Task to carry out
What you return must be the data below, word for word, without any images.

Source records
○ ○ ○ ○ ○

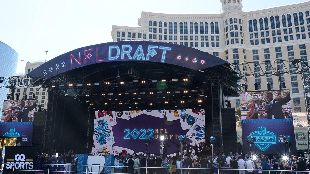 LAS VEGAS, NEVADA - APRIL 28: View of the 2022 NFL Draft Stage at the Bellagio Hotel & Casino on April 28, 2022 in Las Vegas, Nevada. (Photo by Mindy Small/Getty Images)
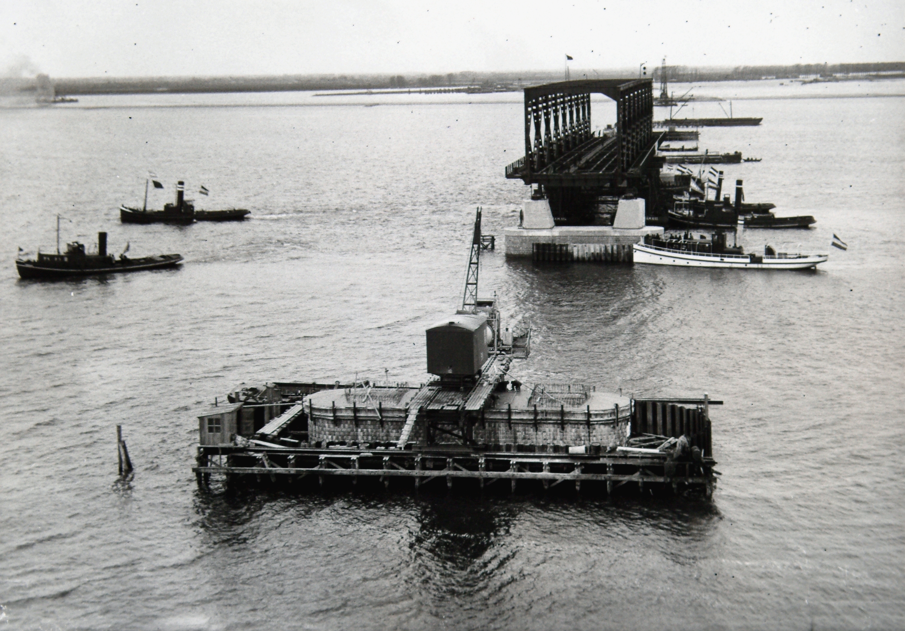 - Aanleg Moerdijkbrug. Als eerste wordt de overbrugging tussen pijler 2 en 3 gelegd. Gezicht vanaf de Brabantse wal.
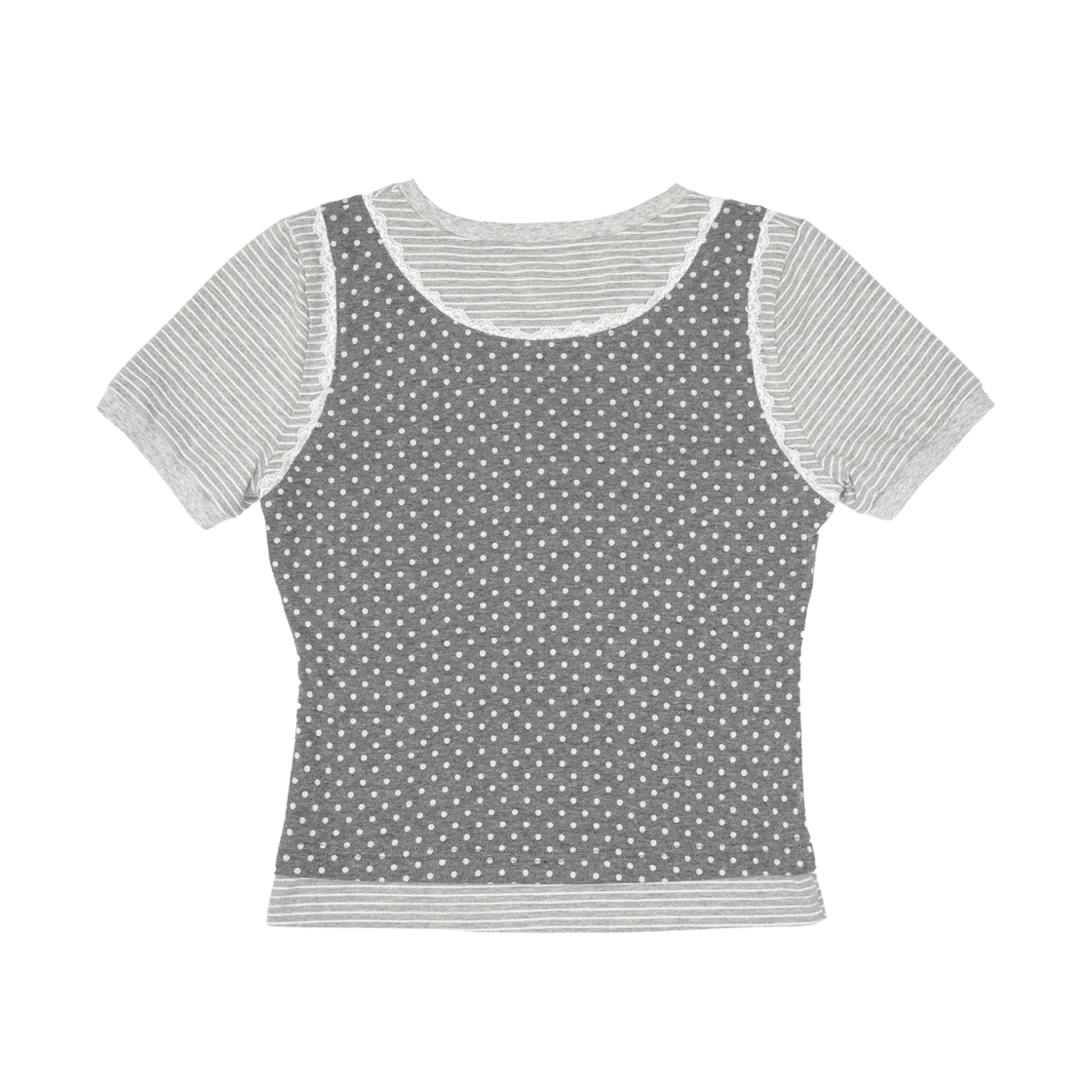 (W) Tie.Me Button Up Layered T-Shirt Gray
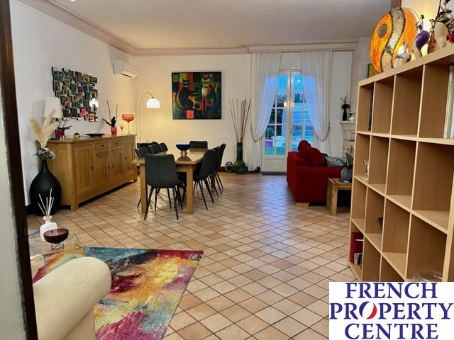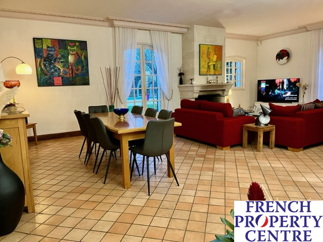 Situated in a privileged area of Bergerac with direct private access to the Dordogne River. Surrounded by 2.5 acres of enclosed garden with swimming pool and tennis court. 270m2 habitable area comprising of a large living room with open fireplace and french windows leading directly to the terrace and the pool. A fitted kitchen, two ensuite bedrooms and two other double bedrooms plus a bathroom. Upstairs, a 70m2 room currently used as a study and reading area. Reversible air-conditioning, central heating and mains drainage; fibre optique internet. Cellar with boiler room and wine cellar on the lower floor. Garage with utility room and workshop.
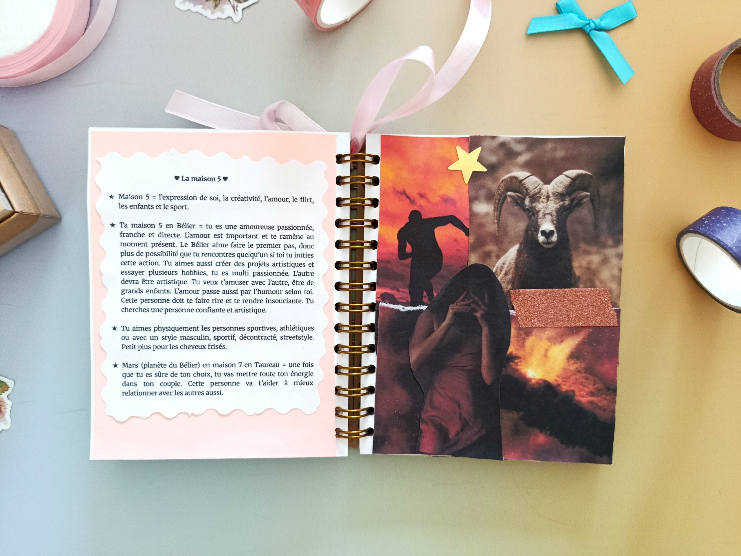 Les moodboards seront adaptés suivant le signe astrologique de la maison interprétée. Tu n’auras donc pas toujours les mêmes images que sur les photos suivant si tu as ta maison 5 en Taureau ou Lion par exemple.
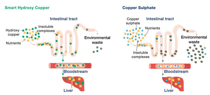 Solubility affects how minerals interact with other nutrients in feed. Since feed generally consists of around 88% dry matter and 12% moisture, products with high solubility will already interact with other nutrients in the feed. Figure 2 shows the differences between hydroxy copper and copper sulphate, where copper sulphate has high solubility, and will cause formation of insoluble complexes that will be excreted as environmental waste to a high extent. Hydroxy trace minerals have a slow release, therefore allowing for at the right time, at the right place, the trace element to be taken up by transporters in the small intestine with less competition for transporters at the beginning of the small intestine and optimal absorption. This reduces the excretion of environmental waste, reducing eutrophication and contributing to environmental sustainability.
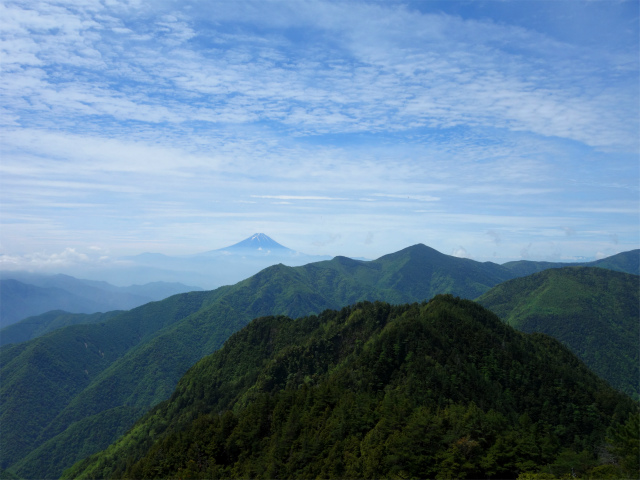 鶏冠山・木賊山(鶏冠尾根) 登山口コースガイド 2177mピークからの鶏冠山と富士山【登山口ナビ】
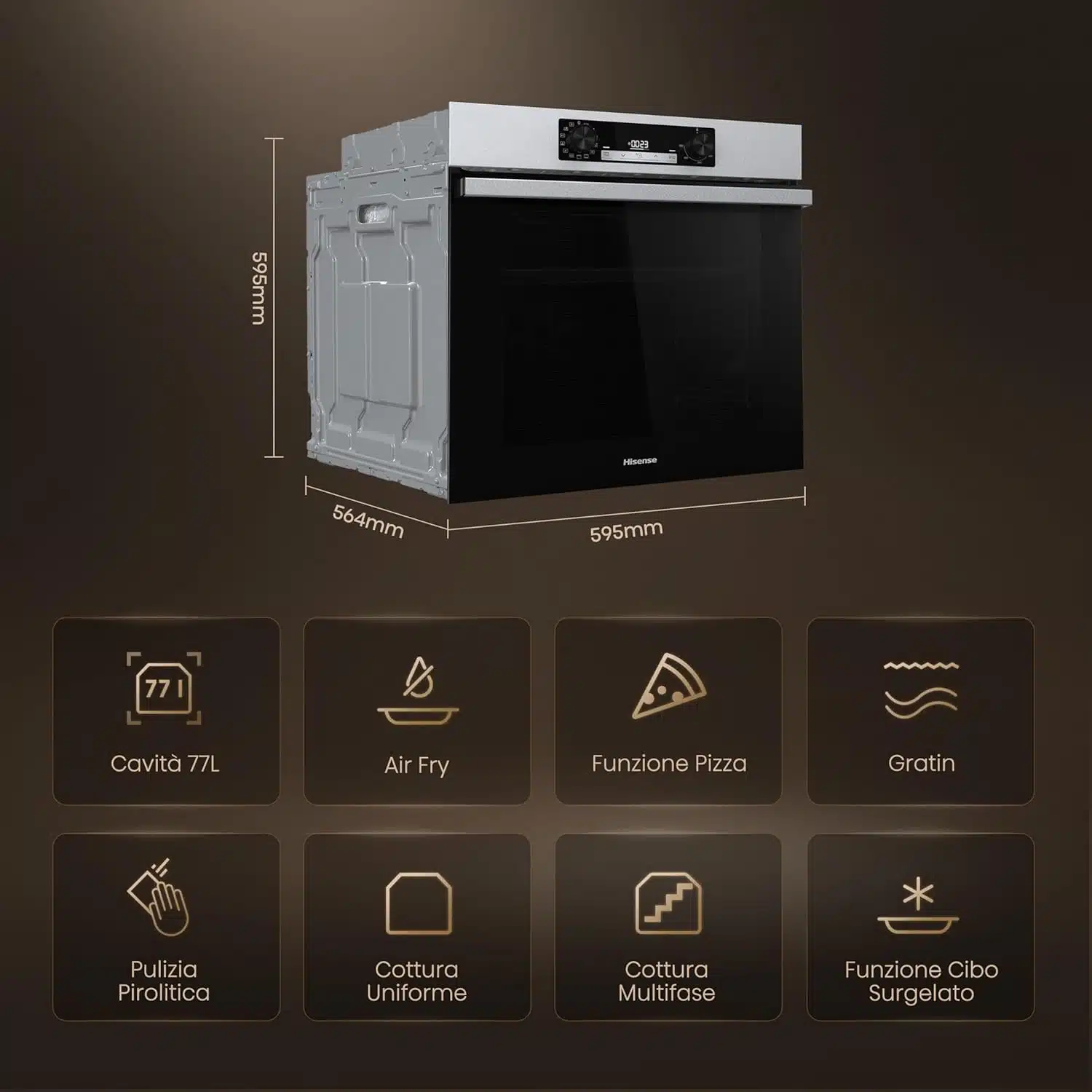 Hisense BI64213E4PX, Forno Multifunzione Termoventilato, Cavità XXL 77L
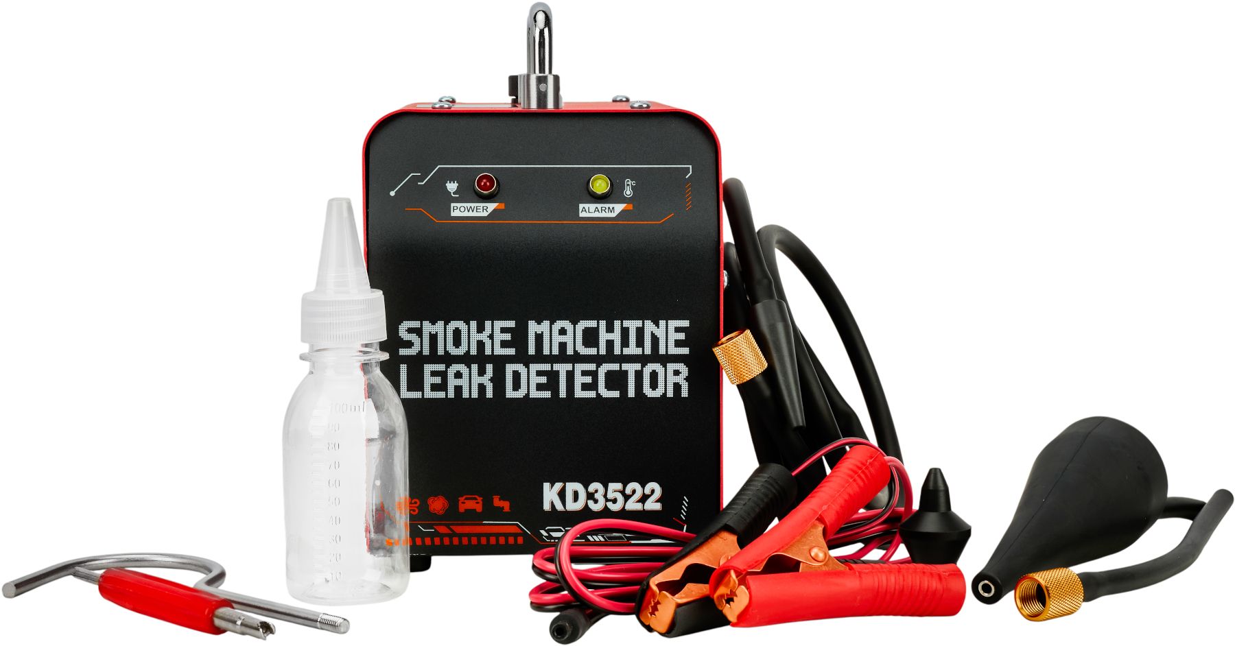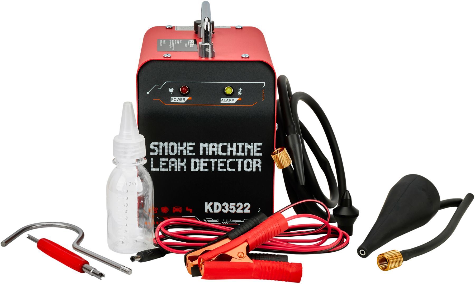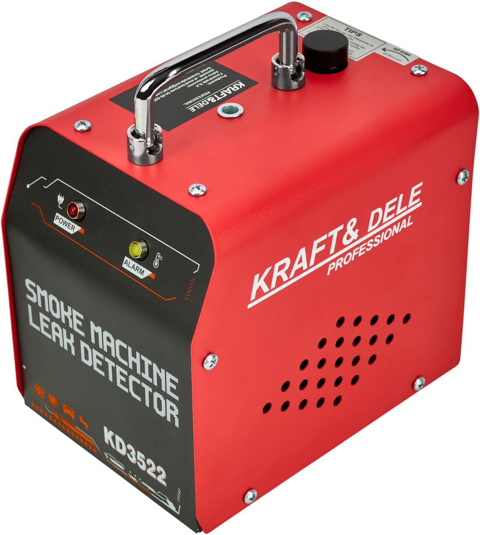 Generátor dymu KRAFT&DELE KD3522 je profesionálne diagnostické zariadenie na detekciu únikov v potrubných systémoch vozidiel a technických inštaláciách. Umožňuje rýchlu, bezpečnú a presnú lokalizáciu únikov v systémoch, ako sú: systémy EVAP, sacie, výfukové, palivové, chladiace a podtlakové potrubia.

○ ○ ○ ○ ○

Your response
 LAS VEGAS, NEVADA - APRIL 28: View of the 2022 NFL Draft Stage at the Bellagio Hotel & Casino on April 28, 2022 in Las Vegas, Nevada. (Photo by Mindy Small/Getty Images)
 - Aanleg Moerdijkbrug. Als eerste wordt de overbrugging tussen pijler 2 en 3 gelegd. Gezicht vanaf de Brabantse wal.
 (W) Tie.Me Button Up Layered T-Shirt Gray
 Situated in a privileged area of Bergerac with direct private access to the Dordogne River. Surrounded by 2.5 acres of enclosed garden with swimming pool and tennis court. 270m2 habitable area comprising of a large living room with open fireplace and french windows leading directly to the terrace and the pool. A fitted kitchen, two ensuite bedrooms and two other double bedrooms plus a bathroom. Upstairs, a 70m2 room currently used as a study and reading area. Reversible air-conditioning, central heating and mains drainage; fibre optique internet. Cellar with boiler room and wine cellar on the lower floor. Garage with utility room and workshop.
 Les moodboards seront adaptés suivant le signe astrologique de la maison interprétée. Tu n’auras donc pas toujours les mêmes images que sur les photos suivant si tu as ta maison 5 en Taureau ou Lion par exemple.
 Solubility affects how minerals interact with other nutrients in feed. Since feed generally consists of around 88% dry matter and 12% moisture, products with high solubility will already interact with other nutrients in the feed. Figure 2 shows the differences between hydroxy copper and copper sulphate, where copper sulphate has high solubility, and will cause formation of insoluble complexes that will be excreted as environmental waste to a high extent. Hydroxy trace minerals have a slow release, therefore allowing for at the right time, at the right place, the trace element to be taken up by transporters in the small intestine with less competition for transporters at the beginning of the small intestine and optimal absorption. This reduces the excretion of environmental waste, reducing eutrophication and contributing to environmental sustainability.
 鶏冠山・木賊山(鶏冠尾根) 登山口コースガイド 2177mピークからの鶏冠山と富士山【登山口ナビ】
 Hisense BI64213E4PX, Forno Multifunzione Termoventilato, Cavità XXL 77L
 Generátor dymu KRAFT&DELE KD3522 je profesionálne diagnostické zariadenie na detekciu únikov v potrubných systémoch vozidiel a technických inštaláciách. Umožňuje rýchlu, bezpečnú a presnú lokalizáciu únikov v systémoch, ako sú: systémy EVAP, sacie, výfukové, palivové, chladiace a podtlakové potrubia.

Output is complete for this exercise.